Types Of Cooperative Learning

Formal Cooperative Learning

Formal cooperative learning consists of students working together, for one class period to several weeks, to achieve shared learning goals and complete jointly specific tasks and assignments (Johnson, Johnson, & Holubec, 2008).  In formal cooperative learning groups the teachers’ role includes (see Figure 4):
1.  Making preinstructional decisions.  Teachers (a) formulate both academic and social skills objectives, (b) decide on the size of groups, (c) choose a method for assigning students to groups, (d) decide which roles to assign group members, (e) arrange the room, and (f) arrange the materials students need to complete the assignment.  In these preinstructional decisions, the social skills objectives specify the interpersonal and small group skills students are to learn.  By assigning students roles, role interdependence is established.  The way in which materials are distributed can create resource interdependence.  The arrangement of the room can create environmental interdependence and provide the teacher with easy access to observe each group, which increases individual accountability and provides data for group processing.
2.  Explaining the instructional task and cooperative structure.Teachers (a) explain the academic assignment to students, (b) explain the criteria for success, (c) structure positive interdependence, (d) structure individual accountability, (e) explain the behaviors (i.e., social skills) students are expected to use, and (f) emphasize intergroup cooperation (this eliminates the possibility of competition among students and extends positive goal interdependence to the class as a whole).  Teachers may also teach the concepts and strategies required to complete the assignment.  By explaining the social skills emphasized in the lesson, teachers operationalize (a) the social skill objectives of the lesson and (b) the interaction patterns (such as oral rehearsal and jointly building conceptual frameworks) teachers wish to create.
3.  Monitoring students’ learning and intervening to provide assistance in (a) completing the task successfully or (b) using the targeted interpersonal and group skills effectively. While conducting the lesson, teachers monitor each learning group and intervene when needed to improve taskwork and teamwork.  Monitoring the learning groups creates individual accountability; whenever a teacher observes a group, members tend to feel accountable to be constructive members.  In addition, teachers collect specific data on promotive interaction, the use of targeted social skills, and the engagement in the desired interaction patterns.  This data is used to intervene in groups and to guide group processing.
4.  Assessing students’ learning and helping students process how well their groups functioned.  Teachers (a) bring closure to the lesson, (b) assess and evaluate the quality and quantity of student achievement, (c) ensure students carefully discuss how effectively they worked together (i.e., process the effectiveness of their learning groups), (d) have students make a plan for improvement, and (e) have students celebrate the hard work of group members.  The assessment of student achievement highlights individual and group accountability (i.e., how well each student performed) and indicates whether the group achieved its goals (i.e., focusing on positive goal interdependence).  The group celebration is a form of reward interdependence.  The feedback received during group processing is aimed at improving the use of social skills and is a form of individual accountability.  Discussing the processes the group used to function, furthermore, emphasizes the continuous improvement of promotive interaction and the patterns of interaction need to maximize student learning and retention.
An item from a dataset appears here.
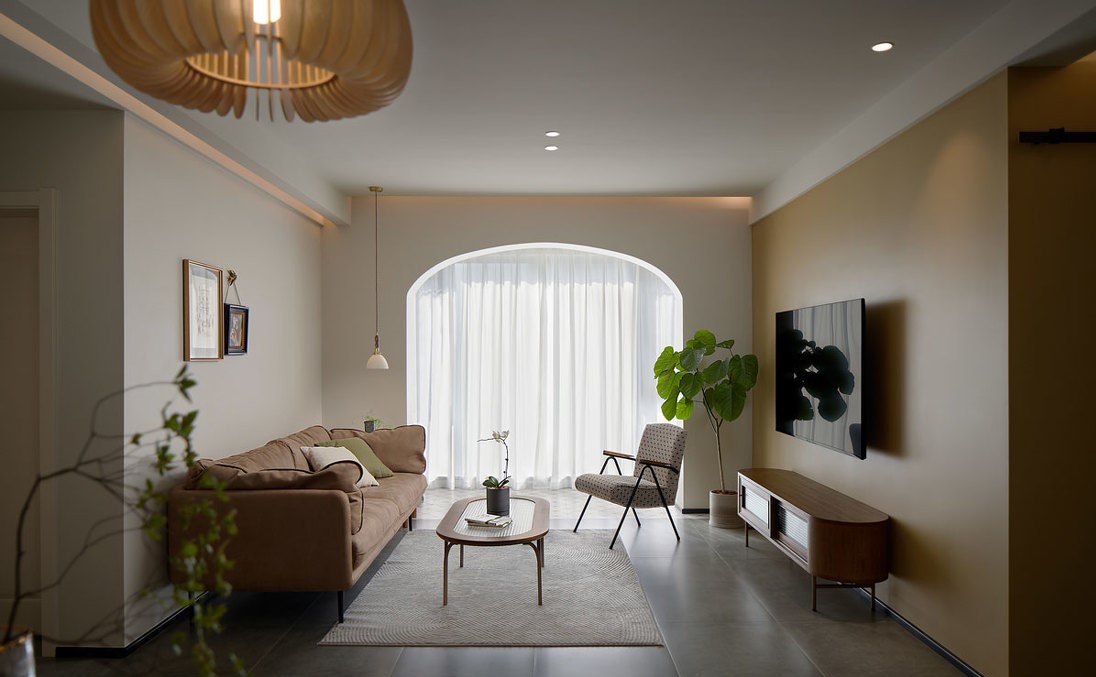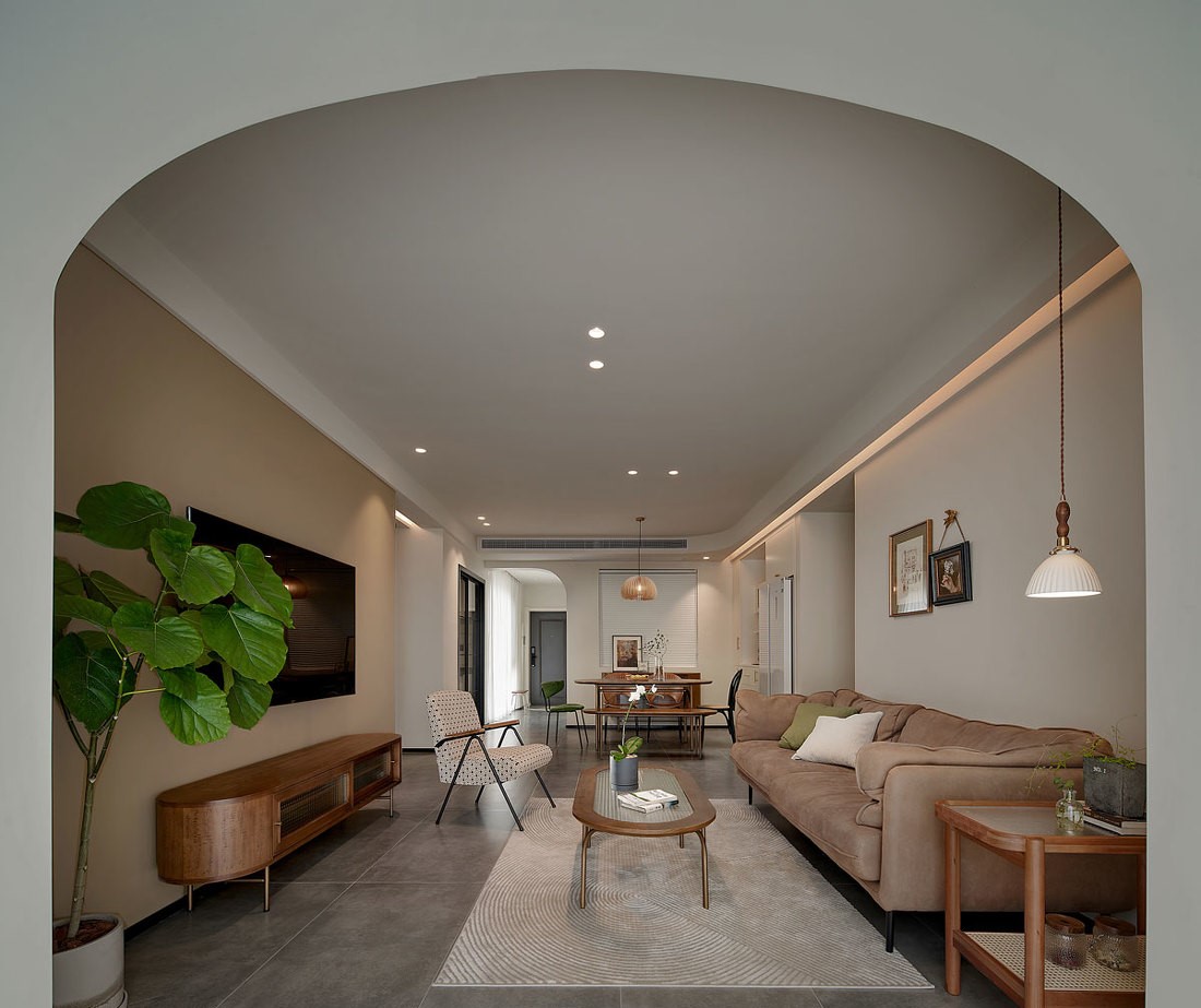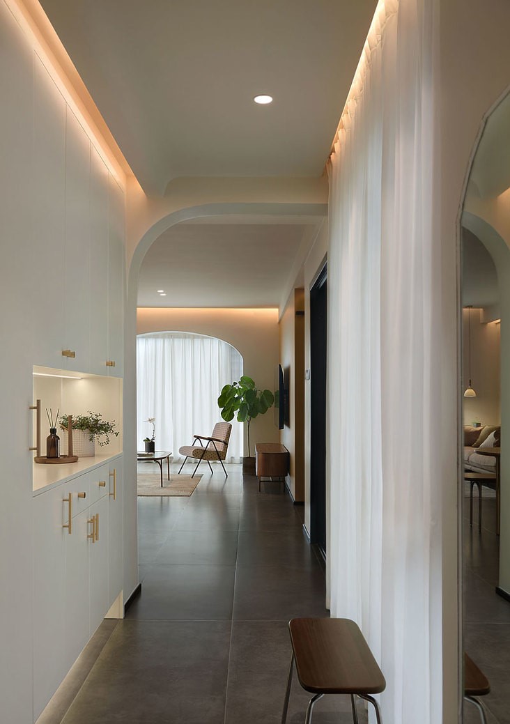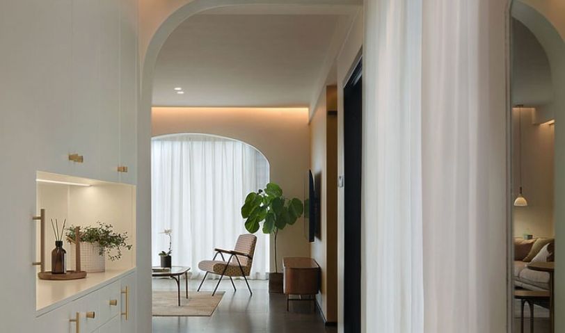 打通的陽臺與客廳合為一體,原本兩側(cè)是方形的建筑門洞改成了拱形,通過圓潤的形體吸引人的目光,成為空間的視覺聚集點。無論是大落地玻璃外呈現(xiàn)的如畫般窗景,還是拉上白紗時被微風吹拂的輕柔

Informal Cooperative Learning

Informal cooperative learning consists of having students work together to achieve a joint learning goal in temporary, ad-hoc groups that last from a few minutes to one class period (Johnson, Johnson, & Holubec, 2008).  During a lecture, demonstration, or film, informal cooperative learning can be used to focus student attention on the material to be learned, set a mood conducive to learning, help set expectations as to what will be covered in a class session, ensure that students cognitively process and rehearse the material being taught, summarize what was learned and precue the next session, and provide closure to an instructional session.  The teacher’s role for using informal cooperative learning to keep students more actively engaged intellectually entails having focused discussions before and after the lesson (i.e., bookends) and interspersing pair discussions throughout the lesson.  Two important aspects of using informal cooperative learning groups are to (a) make the task and the instructions explicit and precise and (b) require the groups to produce a specific product (such as a written answer).  The procedure is as follows.
1.  Introductory Focused Discussion:  Teachers assign students to pairs or triads and explain (a) the task of answering the questions in a four to five minute time period and (b) the positive goal interdependence of reaching consensus.  The discussion task is aimed at promoting advance organizing of what the students know about the topic to be presented and establishing expectations about what the lecture will cover.  Individual accountability is ensured by the small size of the group.  A basic interaction pattern of eliciting oral rehearsal, higher-level reasoning, and consensus building is required.
2.  Intermittent Focused Discussions:  Teachers divide the lecture into 10 to 15 minute segments.  This is about the length of time a motivated adult can concentrate on information being presented.  After each segment, students are asked to turn to the person next to them and work cooperatively in answering a question (specific enough so that students can answer it in about three minutes) that requires students to cognitively process the material just presented.  The procedure is:
a.  Each student formulates his or her answer.
b.  Students share their answer with their partner.
c.  Students listen carefully to their partner’s answer.
d.  The pairs create a new answer that is superior to each member’s initial formulation by integrating the two answers, building on each other’s thoughts, and synthesizing.
The question may require students to:
a.  Summarize the material just presented.
b.  Give a reaction to the theory, concepts, or information presented.
c.  Predict what is going to be presented next; hypothesize.
d.  Solve a problem.
e.  Relate material to past learning and integrate it into conceptual frameworks.
f.  Resolve conceptual conflict created by presentation.
Teachers should ensure that students are seeking to reach an agreement on the answers to the questions (i.e., ensure positive goal interdependence is established), not just share their ideas with each other.  Randomly choose two or three students to give 30 second summaries of their discussions.  Such individual accountability ensures that the pairs take the tasks seriously and check each other to ensure that both are prepared to answer.  Periodically, the teacher should structure a discussion of how effectively the pairs are working together (i.e., group processing).  Group celebrations add reward interdependence to the pairs.
3.  Closure Focused Discussion:  Teachers give students an ending discussion task lasting four to five minutes.  The task requires students to summarize what they have learned from the lecture and integrate it into existing conceptual frameworks.  The task may also point students toward what the homework will cover or what will be presented in the next class session.  This provides closure to the lecture.
Informal cooperative learning ensures students are actively involved in understanding what is being presented.  It also provides time for teachers to move around the class listening to what students are saying.  Listening to student discussions can give instructors direction and insight into how well students understand the concepts and material being as well as increase the individual accountability of participating in the discussions.